The design does more than simply knit together the natural landscape on both sides of the highway to facilitate wildlife crossing passively. It also distills and intensifies the four main types of surrounding habitat—scree, forest, shrub, and meadow—into discrete corridors that induce animals to cross by providing protective tree cover, areas with open sightlines, and thick plantings of favorite food sources (grasses, sedges, and fruiting shrubs) that extend across the bridge. To keep creatures from straying over the sides, an exposed hypar vault borders each side of the landscape, creating a V-shaped concrete barrier eight feet deep with a 60-degree slope.
At its southwest end, the bridge forms a level plateau between the mid-slope of a ridge and the overpass. The northeast end descends to a seasonal wetland that captures water to attract wildlife. Here animals as large as lynx and coyotes can enter a tunnel to cross beneath the road. Atop the bridge, the bands at each end fan out into the surrounding wild landscape, following routes where ecologists have identified existing animal activity. “Along the edges of these corridors we proposed to fell existing pine trees that have been affected by the pine beetle [a prolific pest],” Zoli explains. “The felled trees are then arranged along the edge of the corridor to serve as both habitat and as a natural obstruction, eliminating the need for conventional fencing.”

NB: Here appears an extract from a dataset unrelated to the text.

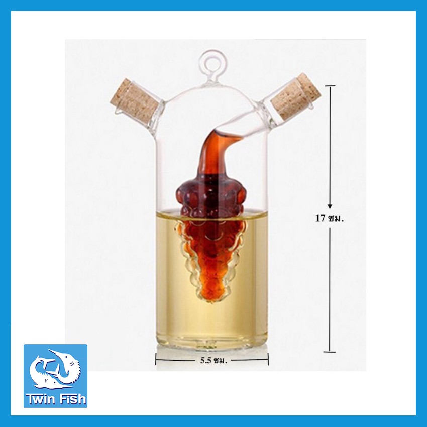 Twin Fish ขวดแก้วทรงกระบอกใส่น้ำมันมะกอกและน้ำส้มสายชู พร้อมจุกปิดไม้ รหัส GOV-4

MVVA, Van Valkenburgh says, was “essential in merging the imperatives of structural design with the imperatives of ecological systems.” In particular, his firm “provided the landscape framework for the structure developed by HNTB, found low-impact ways to accommodate the grade change on both sides, and created the appropriate conditions for plants and trees to thrive and grow.” MVVA had not designed a wildlife bridge before, he says, but is often called upon to build landscape connections across infrastructure, minimize environmental impact, and work creatively within ecological parameters: “The unusual part was that these concerns were much more in the foreground, whereas the social and cultural use of the landscape, which is usually very important to the projects we undertake, was not really a determining factor.”
Outwardly, the five final designs looked strikingly similar. But the winning proposal, one juror wrote, “is not only eminently possible; it has the capacity to transform what we think of as possible.” Specifically, Waldheim says, the HNTB design “prioritized the flora and fauna over the other considerations, yet the transportation engineering was equally strong and thoroughly integrated—you didn’t see a compromise in which wildlife was secondary to bridge design, or vice versa. The outcome was greater than the sum of individual components.”